Work to complete:
Would you reproduce exactly the lines below from the one holding "户型解析:约85㎡的3房,这" through the one holding "Methode 1. Windows", inclusive, and no others?

Input records:
-=-=-

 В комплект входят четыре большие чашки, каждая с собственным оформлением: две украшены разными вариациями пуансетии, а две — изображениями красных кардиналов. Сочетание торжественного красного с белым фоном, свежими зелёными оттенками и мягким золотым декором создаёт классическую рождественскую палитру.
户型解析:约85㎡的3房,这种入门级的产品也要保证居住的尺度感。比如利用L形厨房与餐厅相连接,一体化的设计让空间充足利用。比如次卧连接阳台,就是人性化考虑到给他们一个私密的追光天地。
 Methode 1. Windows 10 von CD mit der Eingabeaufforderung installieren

-=-=-

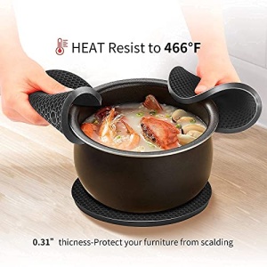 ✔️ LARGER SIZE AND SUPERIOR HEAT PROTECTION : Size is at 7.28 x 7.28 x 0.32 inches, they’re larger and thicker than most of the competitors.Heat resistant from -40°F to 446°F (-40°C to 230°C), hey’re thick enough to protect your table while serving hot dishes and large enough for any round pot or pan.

-=-=-

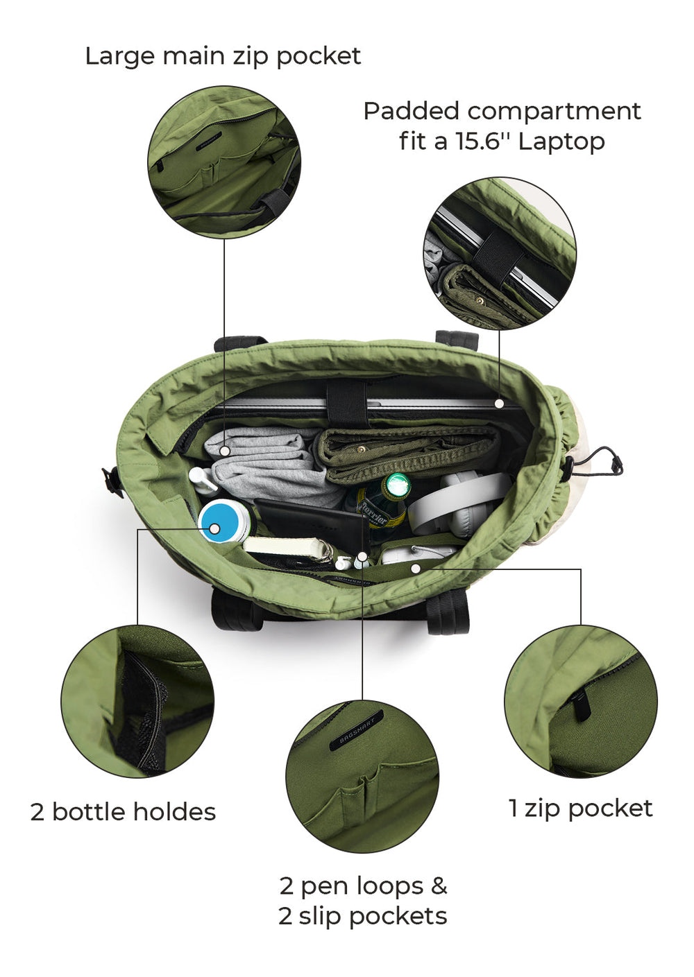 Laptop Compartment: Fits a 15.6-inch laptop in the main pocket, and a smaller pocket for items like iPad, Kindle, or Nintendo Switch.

-=-=-

Exercise result:
户型解析:约85㎡的3房,这种入门级的产品也要保证居住的尺度感。比如利用L形厨房与餐厅相连接,一体化的设计让空间充足利用。比如次卧连接阳台,就是人性化考虑到给他们一个私密的追光天地。
 Methode 1. Windows 10 von CD mit der Eingabeaufforderung installieren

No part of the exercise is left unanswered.